HER2, another member of the ERBB tyrosine kinase family, was reported to reprogram normal cells into tumor-initiating cells by regulating cell’s mechanical properties by activation of Ras and Rac1 [73]. Mechanical signals transducted by the HER2-Ras-Rac1 cascade activates YAP/TAZ activity, and transcription of oncogenic genes. Meanwhile, YAP/TAZ sustain HER2 and Ras induced oncogenic reprogramming [73]. With the crucial roles played in mechanotransduction, YAP/TAZ function as key mediators in mechanosignaling.
Neurotrophic receptor tyrosine kinase 1 (NTRK1, also known as TRKA), a member of the tropomyosin receptor kinase family, was initially identified in colon carcinoma. Expression of NTRK1 and its ligand nerve growth factor (NGF) in nervous system were found a few years later [74]. The pro-oncogenic role of NTRK1 has been demonstrated in multiple tumor types, and NTRK1 promotes tumorigenesis mostly by activation of the MAPK and PI3K signaling [74]. Recently, a report has shown that NTRK1 promotes tumorigenesis through regulating the Hippo-YAP signaling [75]. Inhibition of NTRK1 induces activation of LATS that leads to increase in phosphorylation at S127 and cytoplasmic localization of YAP. Consistently, stimulation of NTRK1 with NGF suppresses the YAP phosphorylation, enhances YAP activity, and promotes cancer cell proliferation and migration [75].
ROCK1/2
Rho-associated protein kinase 1 and 2 (ROCK1 and ROCK2) are serine/threonine kinases that belong to AGC family and initially identified as downstream effectors of small GTPase RhoA. Plenty of evidence has demonstrated that YAP/TAZ nuclear localization and transcriptional activity are regulated by ROCK1/2 [76, 77]. Depletion of ROCK2 severely reduced YAP oncogenic activity [76]. Moreover, pharmacological inhibition of ROCK1 markedly impaired TEAD/YAP transcription that is mediated by mechano-signaling [77].
Targeting the YAP/TAZ signaling by kinase inhibitors in cancer therapy
Inhibitors of the PI3K signaling
In MCF-10 A breast cancer cells, inhibition of PI3K with wortmannin/LY294002 or PDK1 with BX795 impairs nuclear localization of YAP, while the AKT inhibitor VIII has an insignificant effect [65, 66]. The similar results were obtained in HCC, PI3K and PDK1 inhibitors abolish the EGFR-induced reduction of pYAP-S127 [71], suggesting that inhibitors of the PI3K-PDK1 axis may be applied for targeting the YAP signaling in cancer therapy.
Inhibitors of the src family kinases (SFKs)

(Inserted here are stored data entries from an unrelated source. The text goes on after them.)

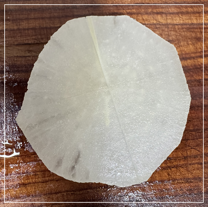 이럴 때는 무 한 토막을 크게 자른 뒤, 가운데에 깊게 십자(╋) 모양으로 칼집만 내주세요.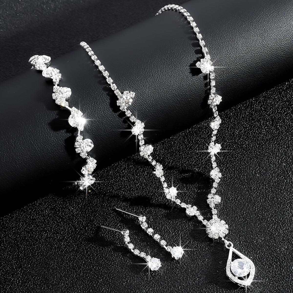 Floral Water Drop Jewelry Set with Rhinestones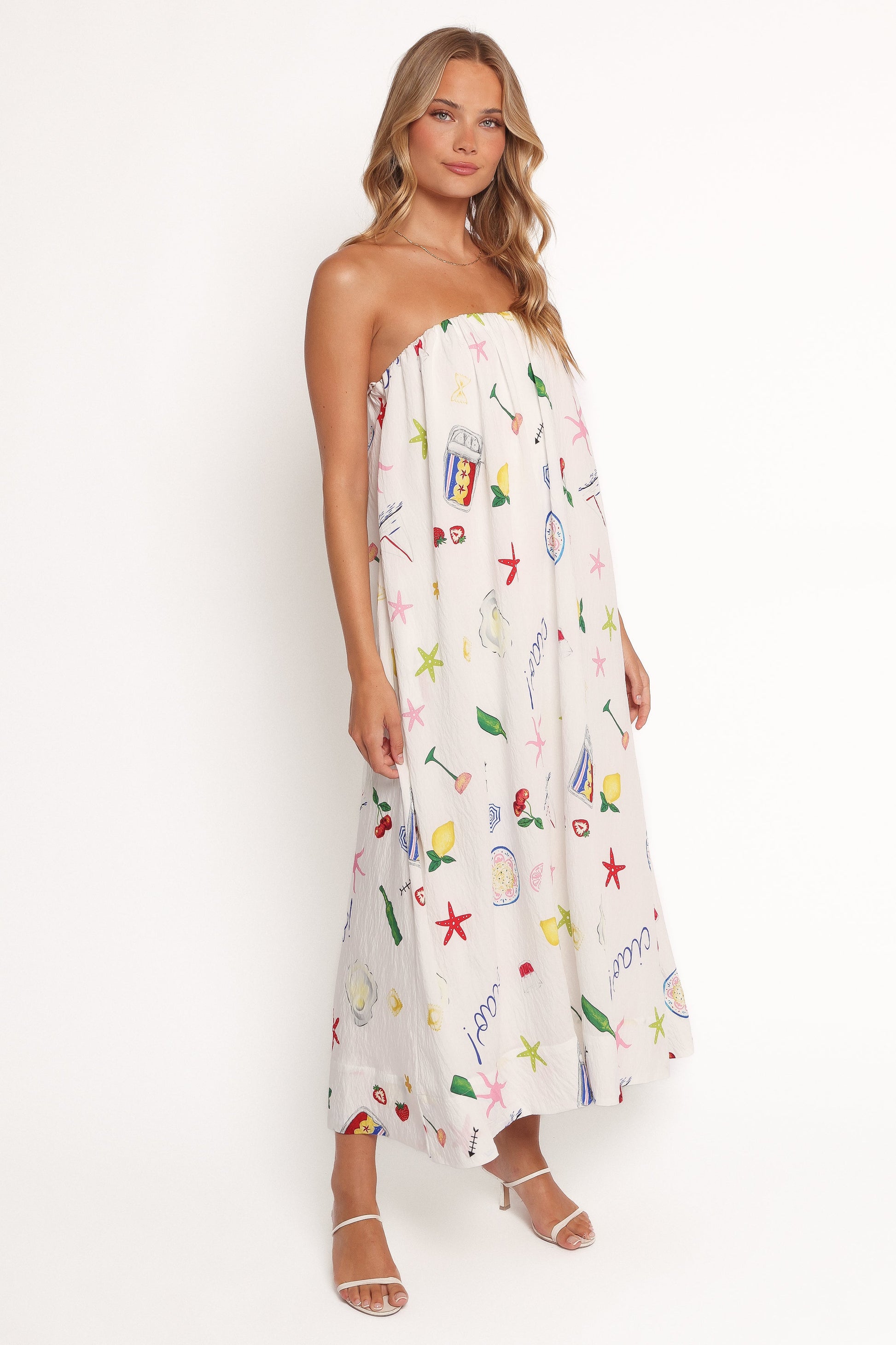 DETAILS Designed with a striking abstract print that blends bold and delicate tones, this strapless maxi dress is perfect for turning heads at any occasion. The A-line silhouette flows beautifully, offering both comfort and a flattering fit for all body types.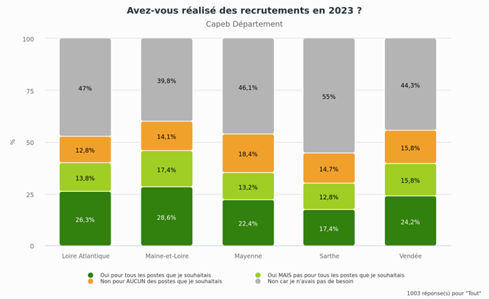 Néanmoins, en termes de ratio besoin / recrutement effectif, plus d’entreprises artisanales du bâtiment ont réussi à recruter (en tout cas sur une partie de leurs postes à pourvoir) : 75% en 2023 versus 68% en 2022. On observe une nette augmentation des postes pourvus en maçonnerie en 2023 par rapport à 2022. Les actions de promotion fonctionnent et doivent perdurer : la CAPEB et les entreprises continuent de se mobiliser.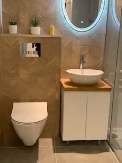 W łazience pralka, kabina prysznicowa, na ścianach nowoczesne płytki w odcieniach szarości, beżu,bieli.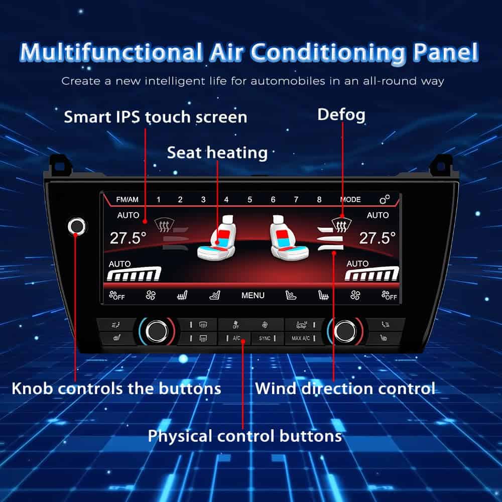 Pantalla táctil LCD de 10 pulgadas de alta definición 1920×720, más grande y clara. Pantalla táctil IPS inteligente, suave al tacto. 3 interfaces de usuario pueden cambiarse a voluntad. Se adopta un chip inteligente de alto rendimiento AI. Bajo consumo de energía y alta calidad. Reemplace la placa de aire acondicionado original del vehículo de botones y obtenga la última interfaz de control de aire acondicionado táctil LCD. Garantía de un año, manual de instalación incluido en el paquete. También ofrecemos instrucciones de instalación en línea y ayuda en línea.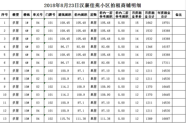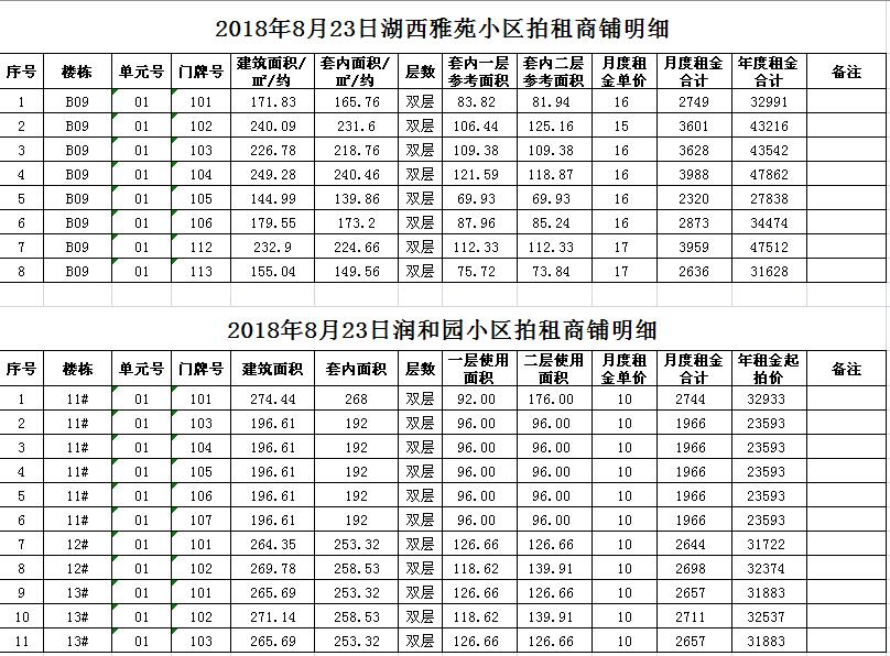 關(guān)注微信公眾號我公司受委托,定于2018年8月23日10時(shí)在中山南路55號本公司拍賣廳對以下小區(qū)商鋪公開拍租:湖西雅苑、和風(fēng)雅致、漢襄佳苑、尚景園、潤和園、嘉和雅苑等。商鋪共數(shù)十套,均為空房,面積分別為一百至數(shù)百平方米不等。租期均為3年。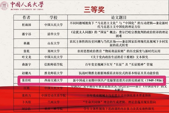 “五四杯”全国高校马克思主义理论类本科生学术论文竞赛作为目前唯一面向全国本科生的马克思理论学术竞赛,旨在挖掘培养优秀的本科生马克思主义理论研究人才,具有极高权威性与知名度,自启动以来便得到全国马克思主义本科生的广泛关注。本次竞赛共征集来自全国一百二十三所高校的四百二十余篇有一定质量、特色、心意的学术论文。经主办方聘请有关专家进行严格评审后,最终确定46篇论文获得第三届“五四杯”全国高校马克思主义理论类本科生学术论文竞赛一、二、三等奖及优秀奖。其中,我院张佳旺同学的论文《新中国成立初期中国共产党凝聚思想共识的实践研究(1949-1956)》获得了全国三等奖。交流会中,他从凝聚思想共识何以必要、何以可能与何以实现的三重逻辑做了论文报告,探寻了新中国成立初期中国共产党凝聚思想共识的运行机制,中国人民大学马克思主义学院副院长宋学勤针对张佳旺同学的论文分享进行了详实的点评。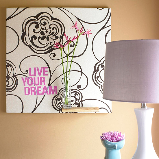 Wallpaper can also be framed and hung on a wall. The framed wallpaper can be displayed like the picture below or in different sized frames. Wallpaper can also be made into an art piece by wrapping it around a canvas and adding a quote to the piece like the picture below.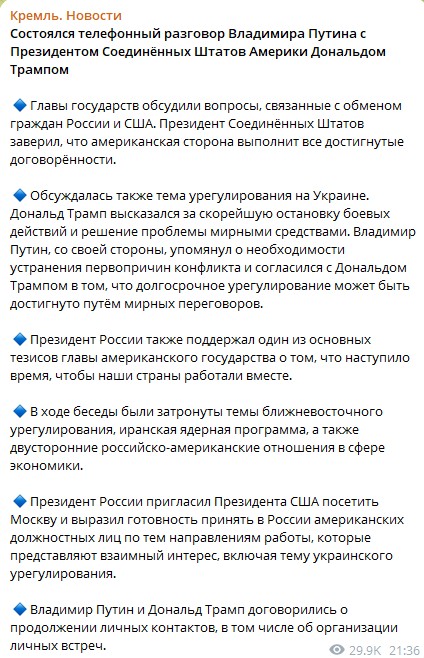 Bu, Rusiya və ABŞ liderləri arasında son 3 ildə ilk söhbət olub. Rusiya prezidenti sonuncu dəfə Trampın sələfi Co Baydenlə eyni gündə - 2022-ci il fevralın 12-də danışıb.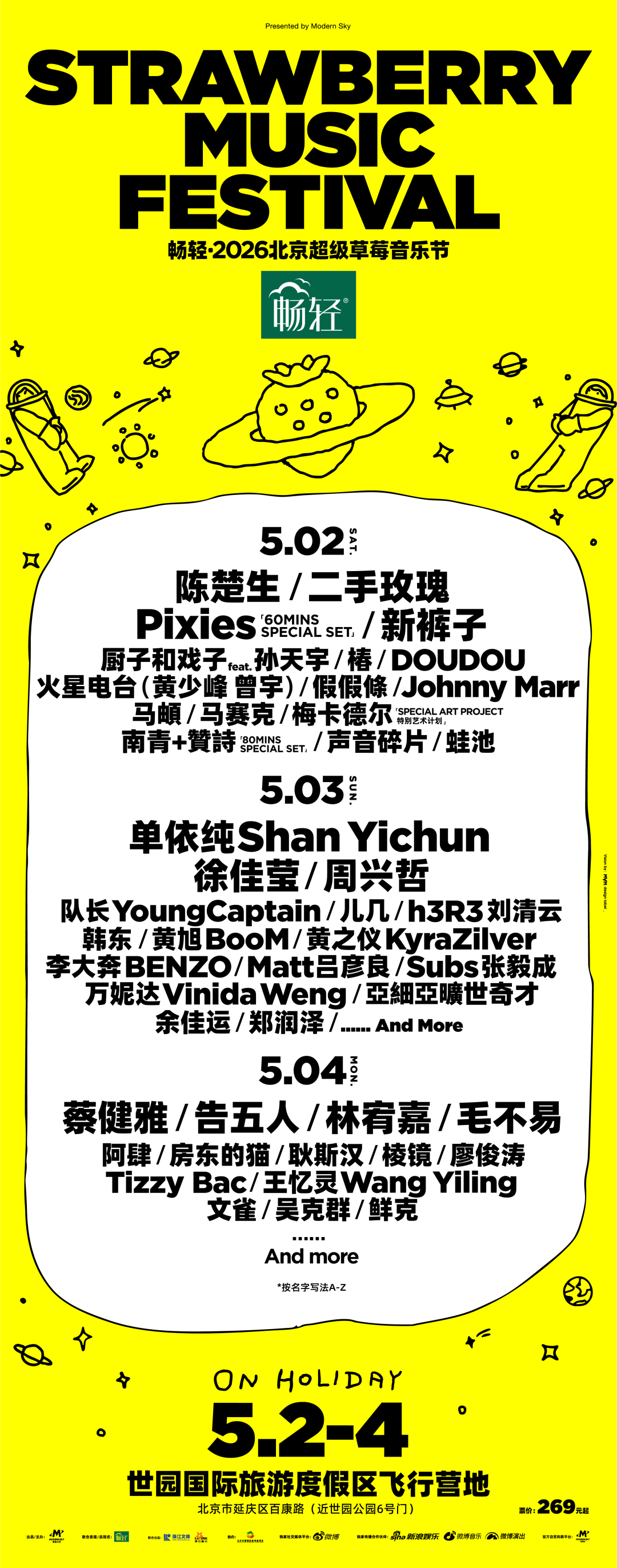 更多音乐节信息可点击查看>>>五一假期,畅轻·2026北京超级草莓音乐节阵容揭晓!

SFKs have been demonstrated to enhance the YAP-oncogenic activity, not only via activating the PI3K-PDK1 signaling, but also through directly phosphorylation and stabilization of YAP/TAZ [37, 66]. PP2 is a selective inhibitor of SFKs, treatment with PP2 in human renal proximal tubule epithelial (HK-2) and MCF-10 A cells elevated phosphorylation of YAP at S127 and reduced YAP activity [66, 78]. In triple-negative breast cancer MDA-MB231 and MDA-MB468 cells, PP2 suppresses cell viability, migration and invasion, suggesting that PP2 may have a therapeutic effect on the YAP/TAZ-dependent cancer [79].

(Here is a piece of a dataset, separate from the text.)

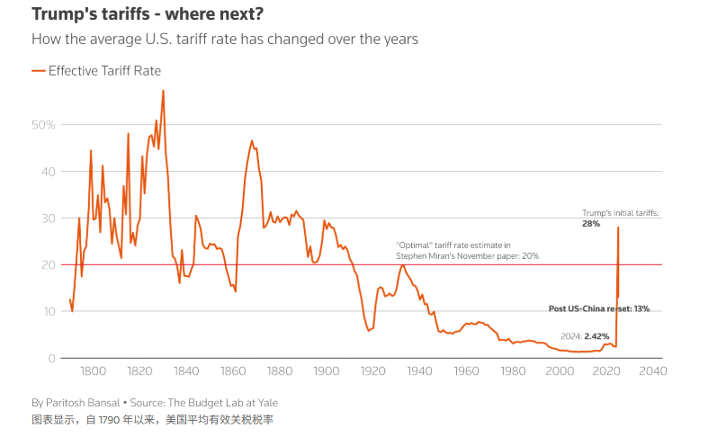 首先之前大家觉得会有通胀的走高,也是算数算出来的,美国2024年总进口差不多三万亿,然后在中美和缓之后,总的关税水平从之前接近30%下降到15%左右。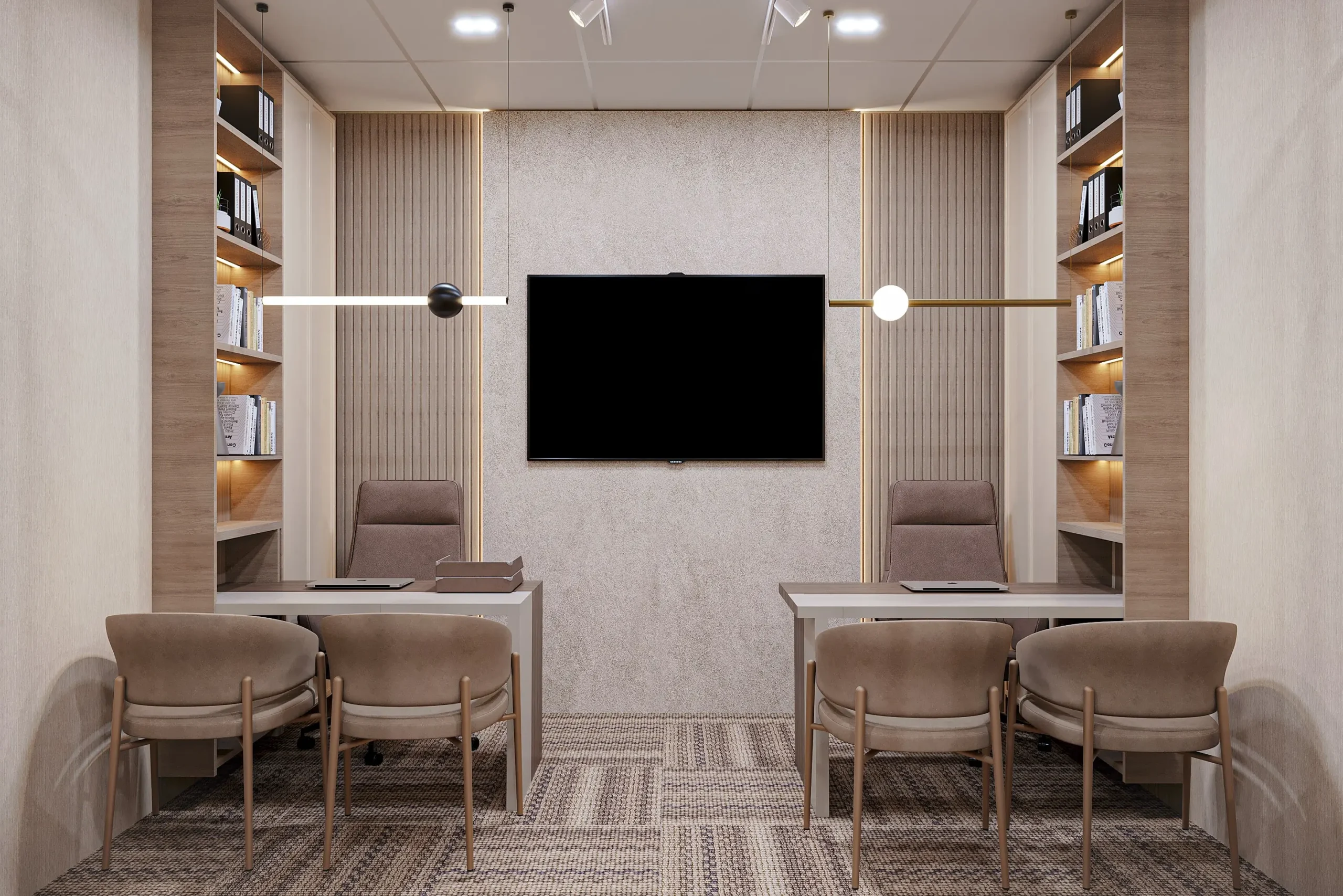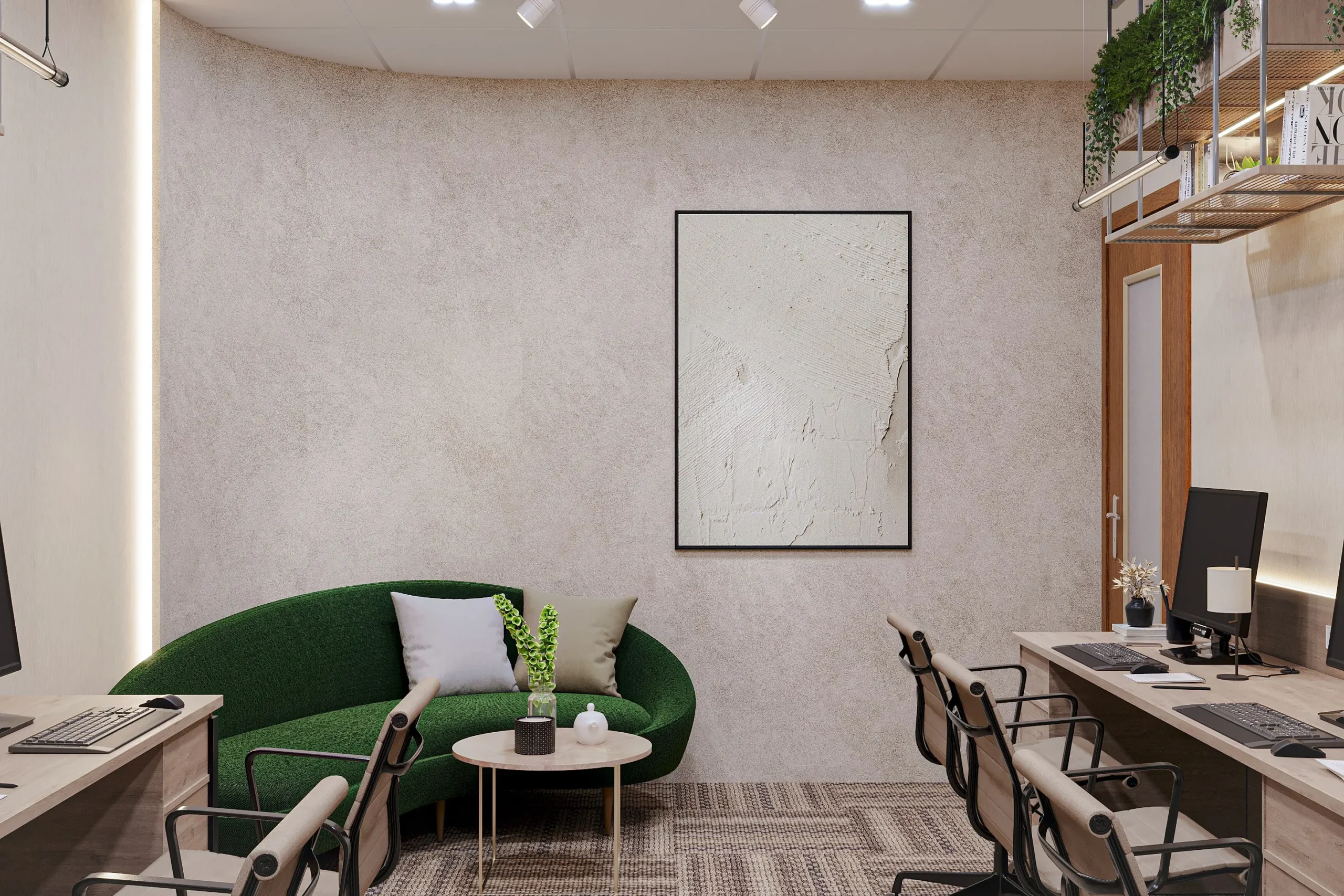 Al barsha real Estate Office Dubai :A Dubai real estate office where biophilic warmth, arched steel partitions, and natural materiality foster an environment where productivity and considered design coexist effortlessly

Dasatinib is an SFK inhibitor approved by FDA and EMA for treatment of Philadelphia chromosome-positive (Ph +) chronic myeloid leukemia (CML) and Ph + acute lymphoblastic leukemia (ALL) [80]. Recent reports have demonstrated that overexpression of Yes contributes to tumor growth and metastasis in NSCLC both in vitro and in vivo. By inhibiting Yes kinase activity, dasatinib represses the tyrosine phosphorylation of YAP, impairs the nuclear translocation of YAP, and reduces expression of the YAP target genes [81]. Datasinib significantly inhibits proliferation of MDA-MB-231 cells that are the YAP/TAZ-dependent breast cancer cells [82]. Consistently, tumors with activated YAP have high sensitivity to dasatinib [83]. In a CCA patient-derived xenograft (PDX) model, treatment with dasatinib elevates cancer cell death and decreases tumor volume in mice [39]. The inhibitory effects of dasatinib on cancer cell proliferation partially rely on its inhibition of the YAP/TAZ signaling, suggesting that dasatinib has potential therapeutic efficacy for the YAP/TAZ-driven cancer. However, some studies have shown that treatment with dasatinib alone did not have a significant effect on growth of the PDX tumors in vivo [84, 85]. Treatment of cancer patients with dasatinib failed in lung cancer clinical trial [86]. Combination with other anti-cancer drugs may be an approach for application of dasatinib for cancer therapy.
Inhibitors of EGFR
EGFR is frequently mutated to drive lung and breast cancer tumorigenesis and progression. EGFR tyrosine kinase inhibitors (TKIs) have been used as the first-line treatment for patients with advanced EGFR-mutant NCSLC [87]. Currently, the third-generation EGFR-TKI osimertinib has been demonstrated superior over the first-generation (erlotinib and gefitinib) and the second-generation EGFR-TKIs (afatinib) with a lower rate of serious adverse events and the similar safety profile [88]. Inhibition of EGFR with the TKI erlotinib enhances YAP phosphorylation at S127 and reduces expression of the YAP target genes in HNSCC cells bearing the EGFR mutation [70]. However, clinical trials frequently observed resistance to treatment with EGFR-TKIs in NSCLC patients [89]. Some studies have shown that YAP plays a role in resistance to EGFR-TKIs [90, 91]. YAP signaling is activated in the EGFR-TKI-resistant cells and knockout or inhibition of YAP enhances the sensitivity of cancer cells to EGFR-TKIs [92].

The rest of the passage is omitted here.